§ Exercise objective: Your answer must be a word-for-word copy of the data.

(Items from a dataset)
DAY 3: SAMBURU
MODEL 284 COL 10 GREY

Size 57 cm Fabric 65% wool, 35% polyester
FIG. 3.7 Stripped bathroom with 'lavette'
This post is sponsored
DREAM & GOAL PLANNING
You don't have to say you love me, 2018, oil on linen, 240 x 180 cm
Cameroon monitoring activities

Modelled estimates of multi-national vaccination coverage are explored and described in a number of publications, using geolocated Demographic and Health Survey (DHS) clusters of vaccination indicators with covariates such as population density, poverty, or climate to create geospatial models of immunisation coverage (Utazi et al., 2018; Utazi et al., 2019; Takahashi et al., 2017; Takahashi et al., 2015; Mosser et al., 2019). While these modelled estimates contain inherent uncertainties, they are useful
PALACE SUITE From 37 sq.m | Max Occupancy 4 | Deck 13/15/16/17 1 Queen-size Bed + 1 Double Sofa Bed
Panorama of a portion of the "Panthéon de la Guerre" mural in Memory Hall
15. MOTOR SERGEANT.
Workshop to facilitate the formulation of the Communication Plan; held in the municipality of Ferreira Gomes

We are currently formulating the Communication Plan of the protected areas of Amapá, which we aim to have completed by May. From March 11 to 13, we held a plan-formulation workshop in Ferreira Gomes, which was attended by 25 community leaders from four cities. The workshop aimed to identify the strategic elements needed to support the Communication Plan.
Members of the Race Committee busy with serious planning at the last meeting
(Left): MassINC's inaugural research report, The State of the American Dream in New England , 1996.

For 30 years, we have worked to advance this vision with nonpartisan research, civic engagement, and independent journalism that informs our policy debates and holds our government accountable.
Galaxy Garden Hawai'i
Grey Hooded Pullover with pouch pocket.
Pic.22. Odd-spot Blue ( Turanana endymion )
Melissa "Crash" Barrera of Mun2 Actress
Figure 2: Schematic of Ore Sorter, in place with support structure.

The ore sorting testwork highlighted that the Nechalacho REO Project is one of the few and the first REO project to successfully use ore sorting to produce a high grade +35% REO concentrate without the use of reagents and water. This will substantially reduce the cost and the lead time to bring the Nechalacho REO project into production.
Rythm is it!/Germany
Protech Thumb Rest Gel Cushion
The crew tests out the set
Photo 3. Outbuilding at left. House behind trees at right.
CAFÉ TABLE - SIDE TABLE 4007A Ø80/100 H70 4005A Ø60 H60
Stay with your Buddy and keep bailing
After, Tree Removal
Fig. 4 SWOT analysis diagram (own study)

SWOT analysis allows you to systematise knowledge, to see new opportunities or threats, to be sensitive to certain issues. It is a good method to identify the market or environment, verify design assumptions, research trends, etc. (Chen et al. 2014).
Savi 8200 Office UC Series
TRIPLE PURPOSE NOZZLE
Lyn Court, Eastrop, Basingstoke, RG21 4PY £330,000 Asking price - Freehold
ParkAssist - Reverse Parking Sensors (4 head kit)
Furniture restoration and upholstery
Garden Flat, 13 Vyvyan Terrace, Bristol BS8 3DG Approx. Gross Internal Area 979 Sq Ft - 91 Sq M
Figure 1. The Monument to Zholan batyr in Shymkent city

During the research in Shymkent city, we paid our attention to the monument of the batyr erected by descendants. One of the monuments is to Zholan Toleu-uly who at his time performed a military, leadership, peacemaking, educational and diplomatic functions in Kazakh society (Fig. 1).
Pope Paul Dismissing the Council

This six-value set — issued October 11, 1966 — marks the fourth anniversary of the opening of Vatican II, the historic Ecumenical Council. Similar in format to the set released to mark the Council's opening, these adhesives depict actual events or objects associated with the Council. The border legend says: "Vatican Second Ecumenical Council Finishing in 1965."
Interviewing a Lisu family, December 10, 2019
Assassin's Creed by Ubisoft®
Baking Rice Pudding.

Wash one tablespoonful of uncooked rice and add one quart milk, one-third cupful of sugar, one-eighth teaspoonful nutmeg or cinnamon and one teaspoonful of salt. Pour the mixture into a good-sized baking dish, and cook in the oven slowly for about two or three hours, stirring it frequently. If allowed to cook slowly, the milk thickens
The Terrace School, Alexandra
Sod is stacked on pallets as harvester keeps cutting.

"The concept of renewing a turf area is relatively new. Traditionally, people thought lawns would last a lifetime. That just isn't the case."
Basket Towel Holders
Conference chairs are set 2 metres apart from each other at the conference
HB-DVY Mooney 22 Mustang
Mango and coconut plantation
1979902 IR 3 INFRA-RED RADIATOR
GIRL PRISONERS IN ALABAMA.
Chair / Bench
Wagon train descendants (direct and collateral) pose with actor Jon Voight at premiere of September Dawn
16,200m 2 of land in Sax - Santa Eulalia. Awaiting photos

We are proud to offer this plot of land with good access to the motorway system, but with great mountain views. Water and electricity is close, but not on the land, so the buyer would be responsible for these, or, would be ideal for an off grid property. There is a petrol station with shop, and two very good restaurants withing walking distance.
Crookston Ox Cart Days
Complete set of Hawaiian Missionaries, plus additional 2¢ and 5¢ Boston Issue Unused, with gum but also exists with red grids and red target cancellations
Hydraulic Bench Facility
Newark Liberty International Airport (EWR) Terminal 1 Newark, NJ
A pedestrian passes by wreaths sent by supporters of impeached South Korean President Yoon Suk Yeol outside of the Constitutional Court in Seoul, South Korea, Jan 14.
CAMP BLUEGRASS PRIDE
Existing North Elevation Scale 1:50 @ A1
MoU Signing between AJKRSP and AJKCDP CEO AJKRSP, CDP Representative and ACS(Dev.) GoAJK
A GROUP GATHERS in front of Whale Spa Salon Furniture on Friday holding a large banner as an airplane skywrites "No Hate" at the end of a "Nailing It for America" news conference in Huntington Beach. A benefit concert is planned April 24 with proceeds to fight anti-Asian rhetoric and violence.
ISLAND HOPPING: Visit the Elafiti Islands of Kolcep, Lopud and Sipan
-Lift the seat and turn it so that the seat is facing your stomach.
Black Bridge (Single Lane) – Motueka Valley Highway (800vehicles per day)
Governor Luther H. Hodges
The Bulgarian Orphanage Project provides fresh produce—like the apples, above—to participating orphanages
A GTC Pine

§ Result:
DAY 3: SAMBURU
MODEL 284 COL 10 GREY

Size 57 cm Fabric 65% wool, 35% polyester
FIG. 3.7 Stripped bathroom with 'lavette'
This post is sponsored
DREAM & GOAL PLANNING
You don't have to say you love me, 2018, oil on linen, 240 x 180 cm
Cameroon monitoring activities

Modelled estimates of multi-national vaccination coverage are explored and described in a number of publications, using geolocated Demographic and Health Survey (DHS) clusters of vaccination indicators with covariates such as population density, poverty, or climate to create geospatial models of immunisation coverage (Utazi et al., 2018; Utazi et al., 2019; Takahashi et al., 2017; Takahashi et al., 2015; Mosser et al., 2019). While these modelled estimates contain inherent uncertainties, they are useful
PALACE SUITE From 37 sq.m | Max Occupancy 4 | Deck 13/15/16/17 1 Queen-size Bed + 1 Double Sofa Bed
Panorama of a portion of the "Panthéon de la Guerre" mural in Memory Hall
15. MOTOR SERGEANT.
Workshop to facilitate the formulation of the Communication Plan; held in the municipality of Ferreira Gomes

We are currently formulating the Communication Plan of the protected areas of Amapá, which we aim to have completed by May. From March 11 to 13, we held a plan-formulation workshop in Ferreira Gomes, which was attended by 25 community leaders from four cities. The workshop aimed to identify the strategic elements needed to support the Communication Plan.
Members of the Race Committee busy with serious planning at the last meeting
(Left): MassINC's inaugural research report, The State of the American Dream in New England , 1996.

For 30 years, we have worked to advance this vision with nonpartisan research, civic engagement, and independent journalism that informs our policy debates and holds our government accountable.
Galaxy Garden Hawai'i
Grey Hooded Pullover with pouch pocket.
Pic.22. Odd-spot Blue ( Turanana endymion )
Melissa "Crash" Barrera of Mun2 Actress
Figure 2: Schematic of Ore Sorter, in place with support structure.

The ore sorting testwork highlighted that the Nechalacho REO Project is one of the few and the first REO project to successfully use ore sorting to produce a high grade +35% REO concentrate without the use of reagents and water. This will substantially reduce the cost and the lead time to bring the Nechalacho REO project into production.
Rythm is it!/Germany
Protech Thumb Rest Gel Cushion
The crew tests out the set
Photo 3. Outbuilding at left. House behind trees at right.
CAFÉ TABLE - SIDE TABLE 4007A Ø80/100 H70 4005A Ø60 H60
Stay with your Buddy and keep bailing
After, Tree Removal
Fig. 4 SWOT analysis diagram (own study)

SWOT analysis allows you to systematise knowledge, to see new opportunities or threats, to be sensitive to certain issues. It is a good method to identify the market or environment, verify design assumptions, research trends, etc. (Chen et al. 2014).
Savi 8200 Office UC Series
TRIPLE PURPOSE NOZZLE
Lyn Court, Eastrop, Basingstoke, RG21 4PY £330,000 Asking price - Freehold
ParkAssist - Reverse Parking Sensors (4 head kit)
Furniture restoration and upholstery
Garden Flat, 13 Vyvyan Terrace, Bristol BS8 3DG Approx. Gross Internal Area 979 Sq Ft - 91 Sq M
Figure 1. The Monument to Zholan batyr in Shymkent city

During the research in Shymkent city, we paid our attention to the monument of the batyr erected by descendants. One of the monuments is to Zholan Toleu-uly who at his time performed a military, leadership, peacemaking, educational and diplomatic functions in Kazakh society (Fig. 1).
Pope Paul Dismissing the Council

This six-value set — issued October 11, 1966 — marks the fourth anniversary of the opening of Vatican II, the historic Ecumenical Council. Similar in format to the set released to mark the Council's opening, these adhesives depict actual events or objects associated with the Council. The border legend says: "Vatican Second Ecumenical Council Finishing in 1965."
Interviewing a Lisu family, December 10, 2019
Assassin's Creed by Ubisoft®
Baking Rice Pudding.

Wash one tablespoonful of uncooked rice and add one quart milk, one-third cupful of sugar, one-eighth teaspoonful nutmeg or cinnamon and one teaspoonful of salt. Pour the mixture into a good-sized baking dish, and cook in the oven slowly for about two or three hours, stirring it frequently. If allowed to cook slowly, the milk thickens
The Terrace School, Alexandra
Sod is stacked on pallets as harvester keeps cutting.

"The concept of renewing a turf area is relatively new. Traditionally, people thought lawns would last a lifetime. That just isn't the case."
Basket Towel Holders
Conference chairs are set 2 metres apart from each other at the conference
HB-DVY Mooney 22 Mustang
Mango and coconut plantation
1979902 IR 3 INFRA-RED RADIATOR
GIRL PRISONERS IN ALABAMA.
Chair / Bench
Wagon train descendants (direct and collateral) pose with actor Jon Voight at premiere of September Dawn
16,200m 2 of land in Sax - Santa Eulalia. Awaiting photos

We are proud to offer this plot of land with good access to the motorway system, but with great mountain views. Water and electricity is close, but not on the land, so the buyer would be responsible for these, or, would be ideal for an off grid property. There is a petrol station with shop, and two very good restaurants withing walking distance.
Crookston Ox Cart Days
Complete set of Hawaiian Missionaries, plus additional 2¢ and 5¢ Boston Issue Unused, with gum but also exists with red grids and red target cancellations
Hydraulic Bench Facility
Newark Liberty International Airport (EWR) Terminal 1 Newark, NJ
A pedestrian passes by wreaths sent by supporters of impeached South Korean President Yoon Suk Yeol outside of the Constitutional Court in Seoul, South Korea, Jan 14.
CAMP BLUEGRASS PRIDE
Existing North Elevation Scale 1:50 @ A1
MoU Signing between AJKRSP and AJKCDP CEO AJKRSP, CDP Representative and ACS(Dev.) GoAJK
A GROUP GATHERS in front of Whale Spa Salon Furniture on Friday holding a large banner as an airplane skywrites "No Hate" at the end of a "Nailing It for America" news conference in Huntington Beach. A benefit concert is planned April 24 with proceeds to fight anti-Asian rhetoric and violence.
ISLAND HOPPING: Visit the Elafiti Islands of Kolcep, Lopud and Sipan
-Lift the seat and turn it so that the seat is facing your stomach.
Black Bridge (Single Lane) – Motueka Valley Highway (800vehicles per day)
Governor Luther H. Hodges
The Bulgarian Orphanage Project provides fresh produce—like the apples, above—to participating orphanages
A GTC Pine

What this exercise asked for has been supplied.